Mortgage rates on five-year, adjustable-rate mortgages (ARMs) rose to 4.90 percent from 4.80 percent last week. Meanwhile, margin remained at 2.74 and fees and points stayed steady at 0.6 percent.
Average mortgage rates on one-year, adjustable-rate mortgages rose very slightly at 4.78, up from 4.77 percent last week. However, the margin stayed steady at 2.76 and fees and points dropped to at 0.6 percent from 0.7 percent.
Freddie Mac feels the reason for the rise across all rates is increased confidence in the economy. They said:
"Mortgage rates rose slightly this week amid positive economic news that the economy may be approaching the bottom of the recession. In terms of the household sector, the final April estimate of consumer sentiment, as measured by the University of Michigan, was revised above the market consensus. On the business side, the ISM Manufacturing Index for April also exceeded market expectations.
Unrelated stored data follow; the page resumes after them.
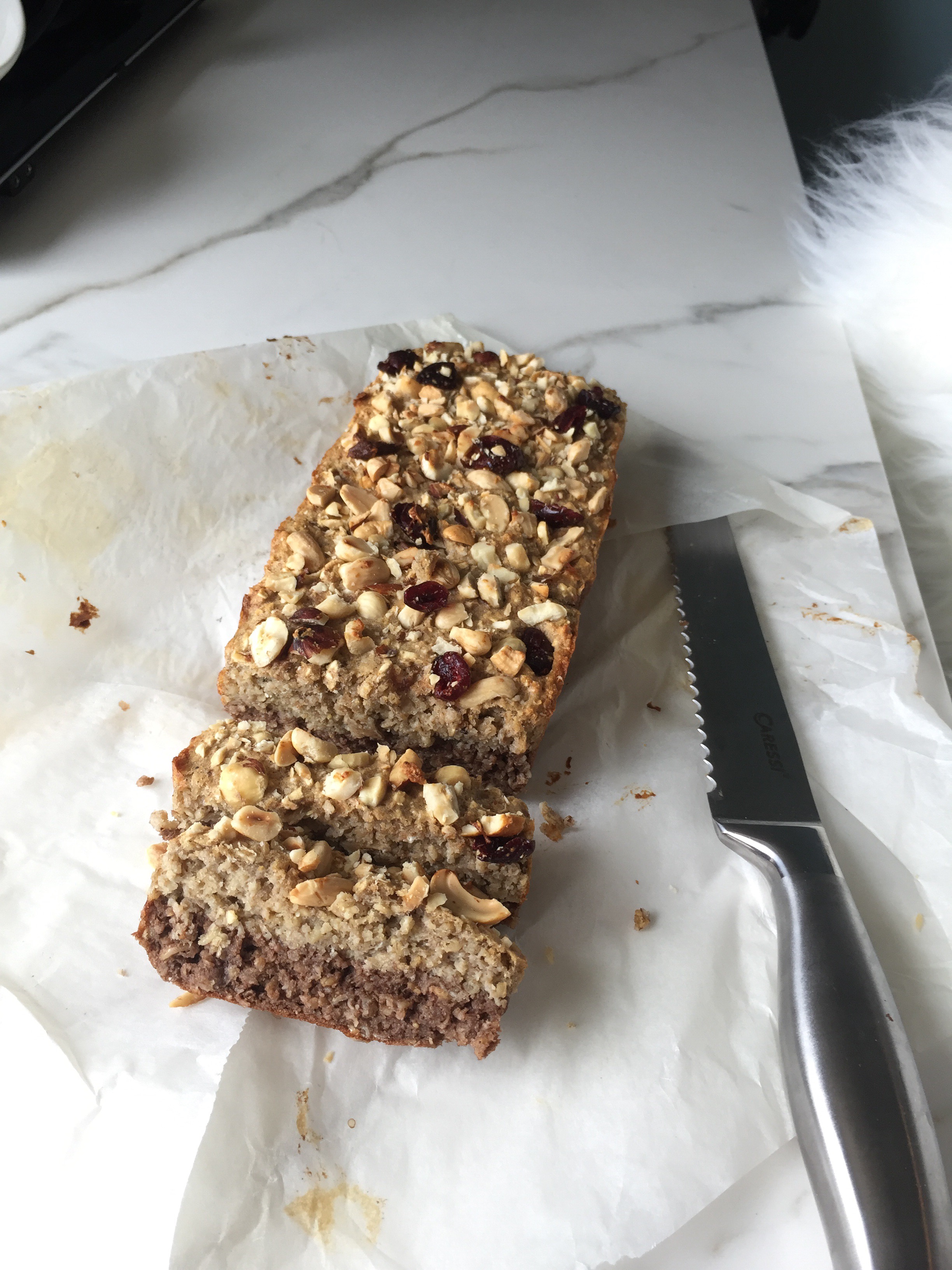 Wat heb ik het bakken van een bananenbrood gemist zeg! Vanaf januari aan het verbouwen en had de keukenmachine en het bakblik ingepakt. Met de gedachten dat ik die wel even kon missen. Ben toch maar alles gaan zoeken in de dozen want een keukenmachine is toch wel erg handig als je wat wilt gaan bakken. Dit keer heb ik een bananenbrood gemaakt met teff en een deel cacao.
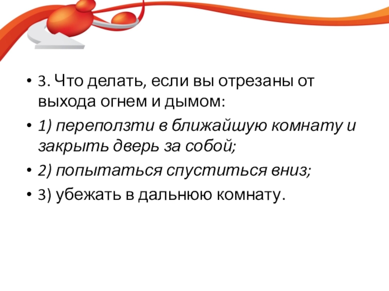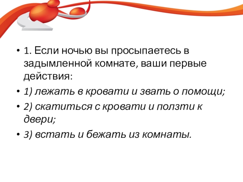 Слайд 321. Если ночью вы просыпаетесь в задымленной комнате, ваши первые действия:
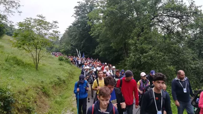 MARŠ MIRA 2018 (Patria) - Učesnici Marša mira su iz sela Mravinjci započeli jutros treću etapu pješačenja koja bi se danas trebala završiti u Memorijalnom centru Potočari u popodnevnim satima. U Maršu mira učestvuje više od 6.000 ljudi, djece i starijih osoba koji su na ovaj način htjeli odati počast žrtvama.
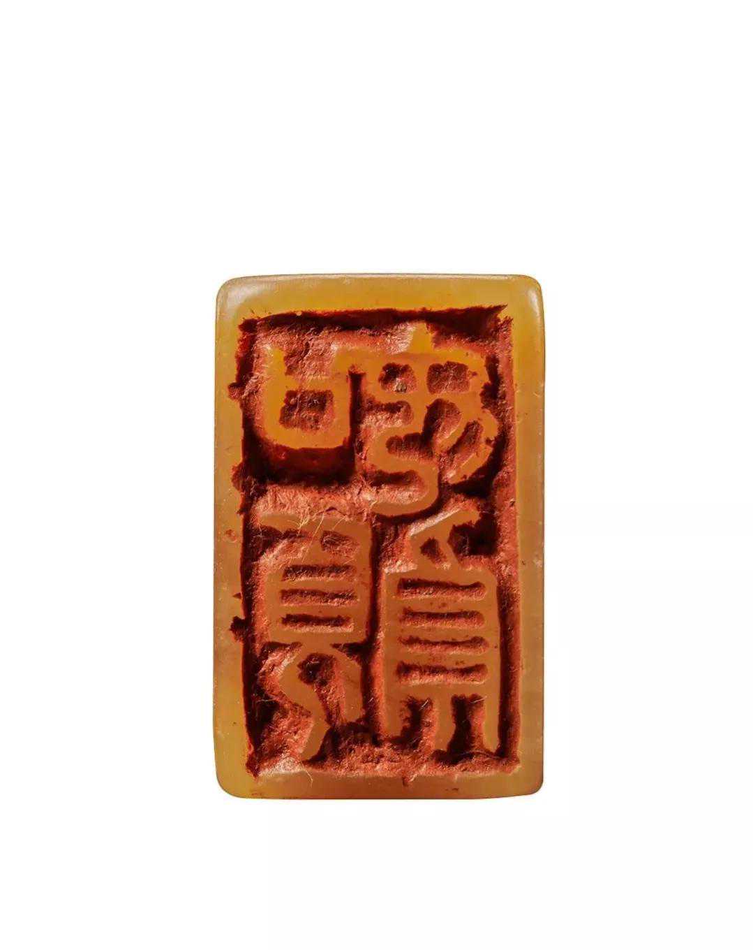 印文:重间白玉质,质地致密润泽,受红沁。雕作覆斗印,形制正方,裁切规整,印钮有对穿孔。印面阴刻"重间"。覆斗印为早期玉印的经典形制。覆斗钮,顾名思义就是将印章的鼻作成覆斗形。和瓦钮一样,覆斗钮也是最早出现的几种印玺钮式之一。现有早期期印章的钮式绝大多数是覆斗钮,尤其是姓名印,经常使用这种钮式。
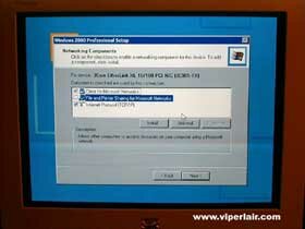 Normally, you should click next, but depending on how your network is setup, you can click on "Properties", after highlighting TCP/IP to assign a static IP address. This isn't always necessary, and the default DHCP works fine if you're the lone computer using the Internet at home.
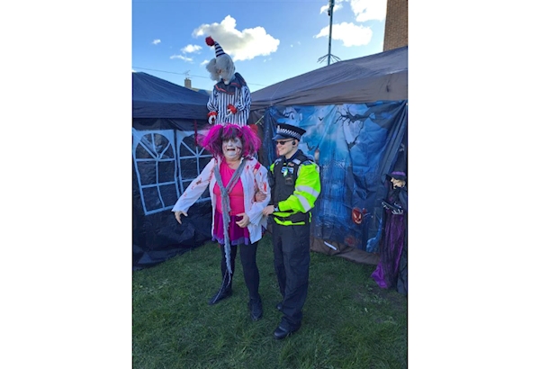 Our local Police Community Support Officers are on - site and the Halloween event is still up and running!
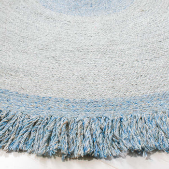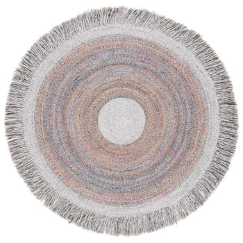 The rug's contemporary design features a unique pattern that seamlessly converges at the center, accentuating its round shape and providing a captivating focal point for your room. The fringe detailing along the perimeter adds a playful yet elegant touch that enhances the rug's visual appeal.
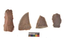 | Description / विवरण | There are n 4 utilized flake cores. There are multi directional irregular scar pattern on both dorsal and ventral face of the flake cores. Two are tapering at one end and two have blunted edges. |
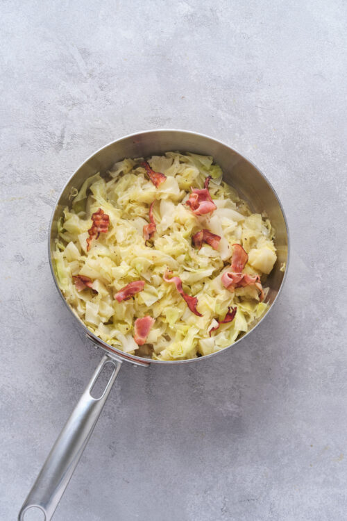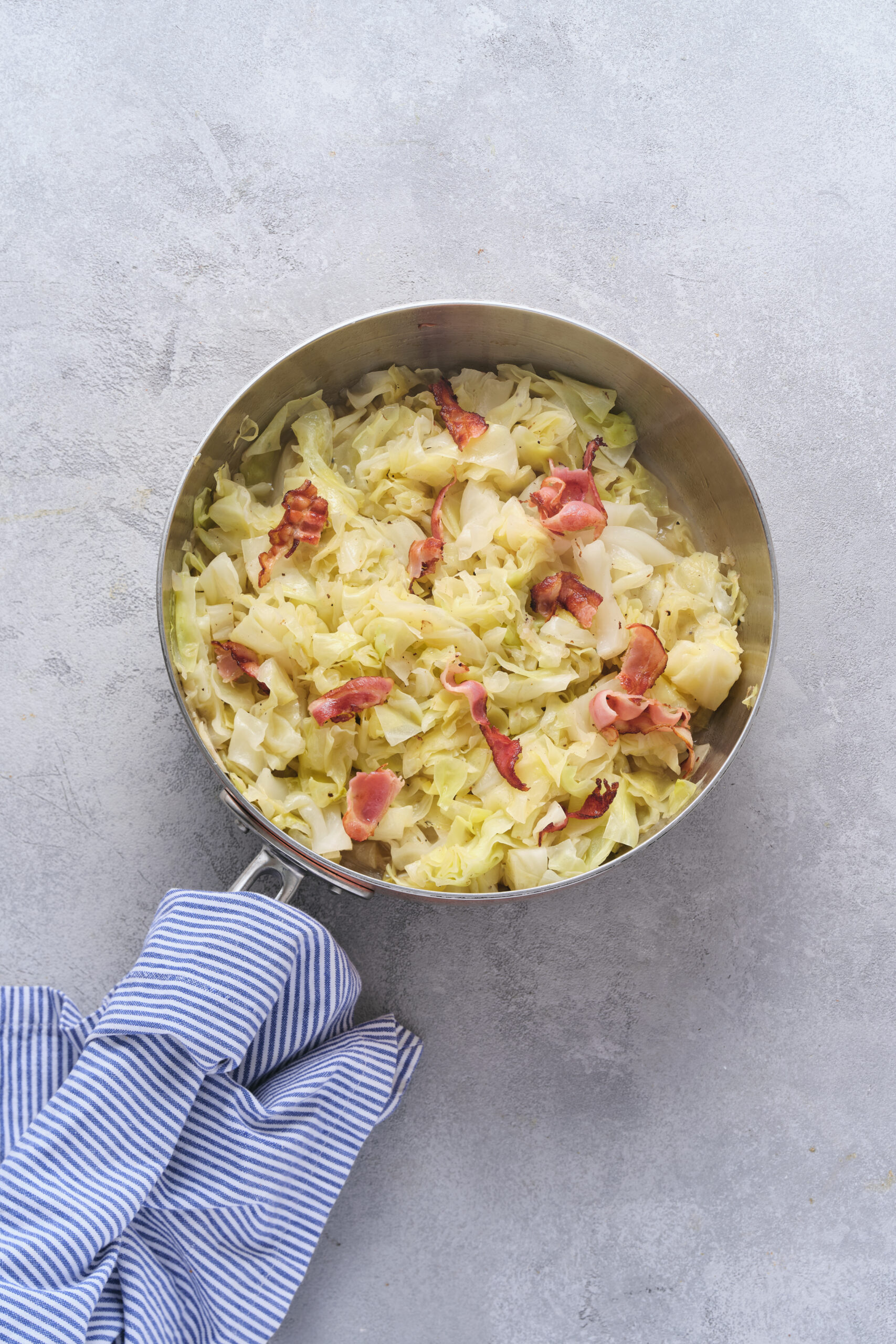 Taste the cabbage and adjust seasonings. Sprinkle reserved bacon on top or stir it in. Serve warm.
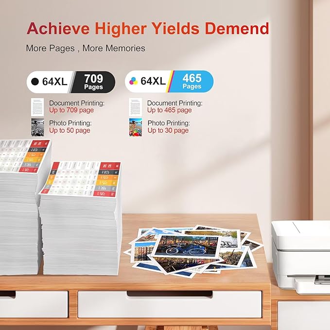 - Professional Printouts: ejet for hp ink 64xl black and color combo pack xl ensuring 100% instant printer recognition, real-time ink tracking (±1% precision), and automated page-count estimates – eliminating compatibility warnings while putting ink management and print confidence at your fingertips.
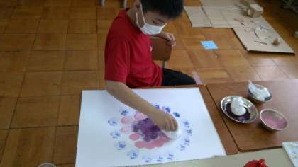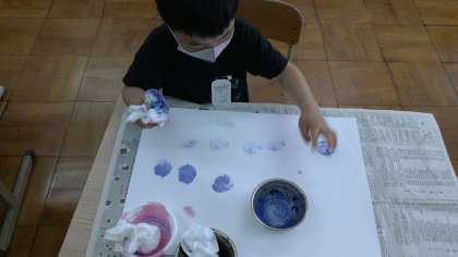 先日観察したフラワーロードのアジサイを,タンポを使って描きました。思い思いの素敵なアジサイになりました。
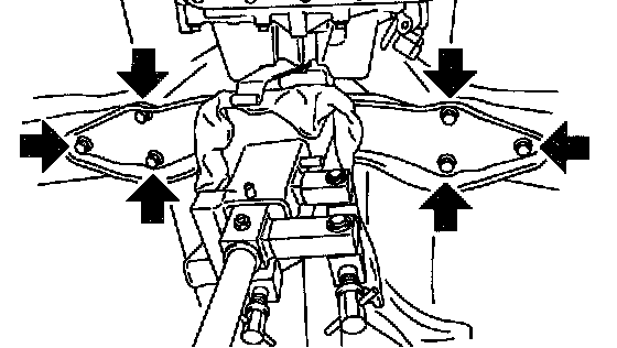 13. Remove the transmission rear crossmember bolts.
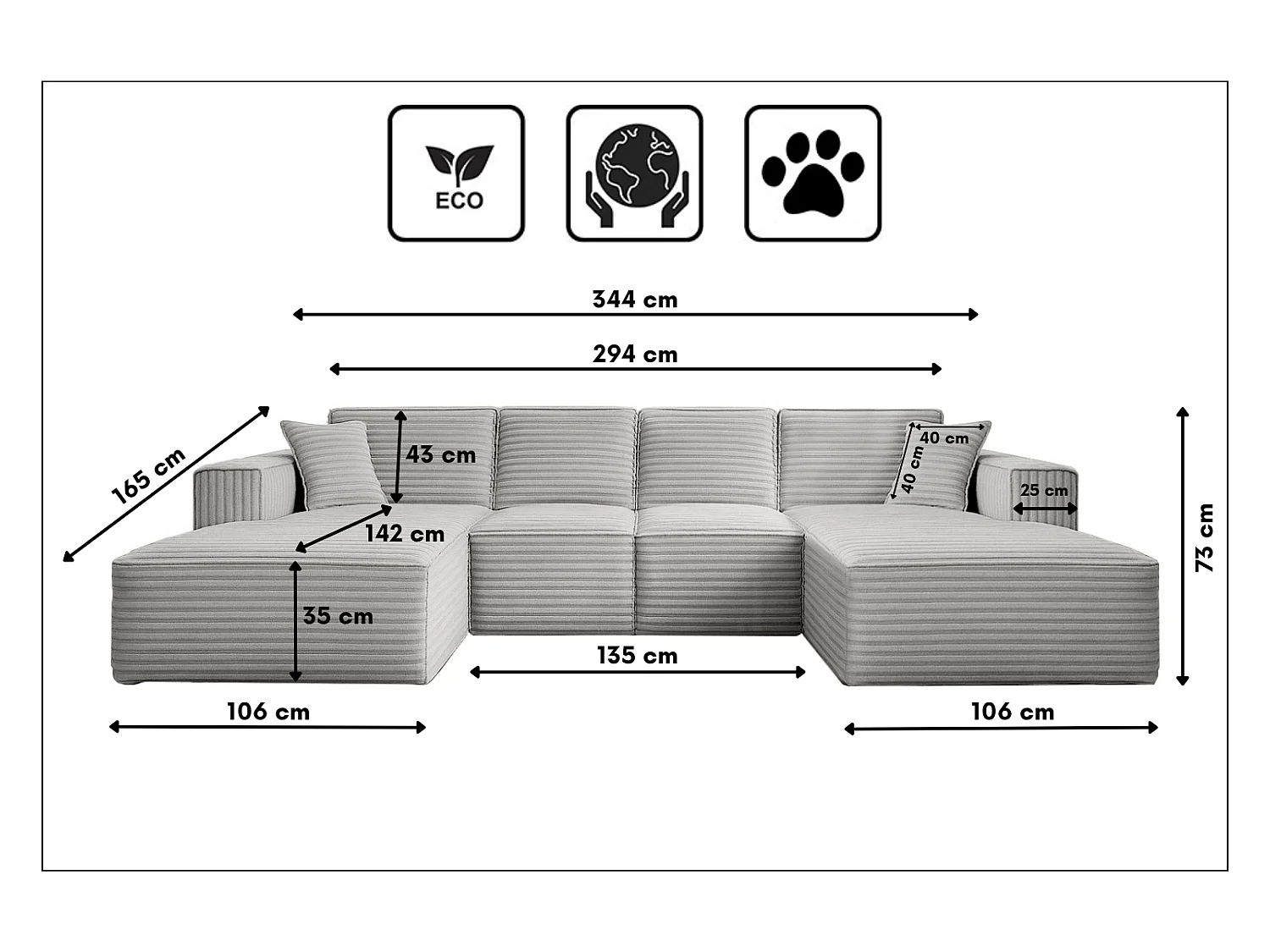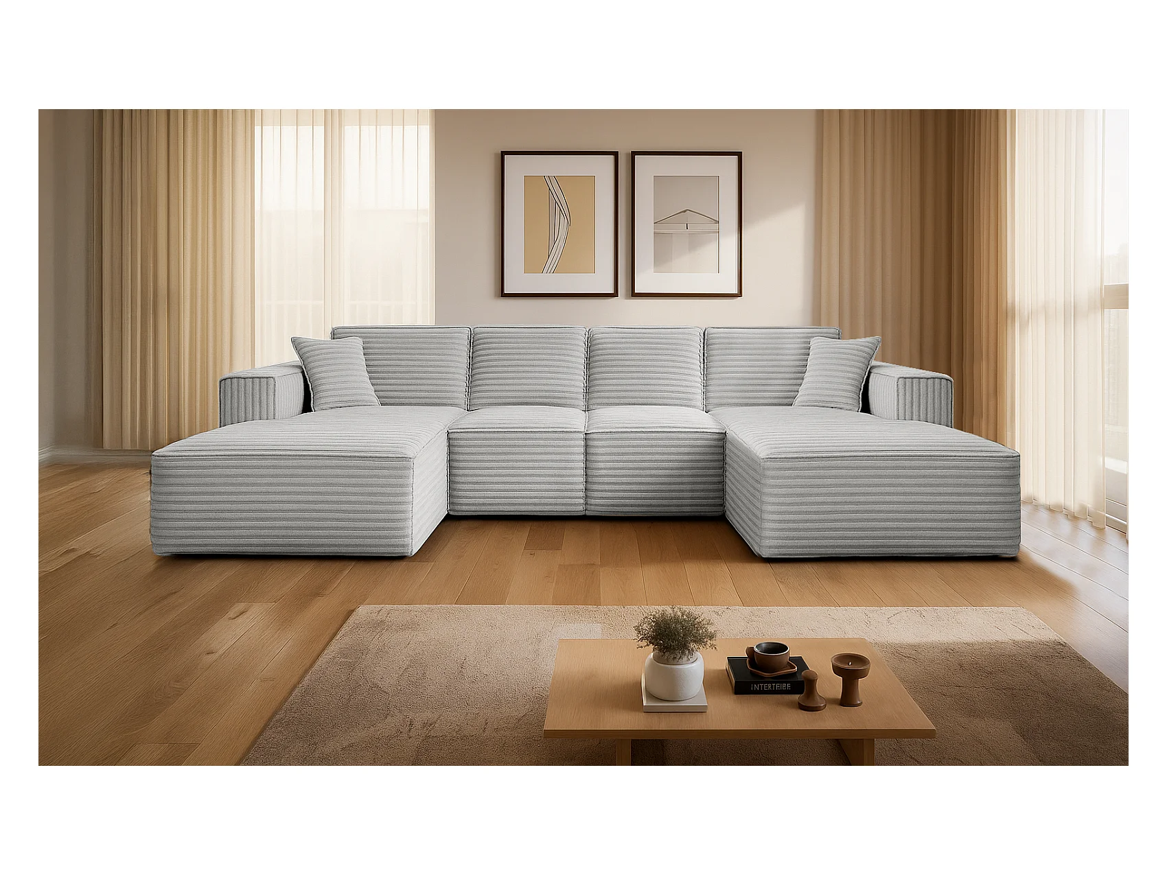 Canapé d'angle en U Siena avec tissu Velo gris clair

"In addition, the positive news was corroborated by Fed Chairman Bernanke when he stated that he expects economic activity to bottom out, then to turn up later this year. He also noted that the housing market is beginning to stabilize. For instance, pending existing home sales rose for the second consecutive time in March and represented the first back-to-back monthly increase since March 2008.
Furthermore, in its April 2009 Senior Loan Officer Opinion Survey, the Federal Reserve found the demand for prime mortgages rose for the first time since April 2007 when it first began collecting such detailed mortgage data."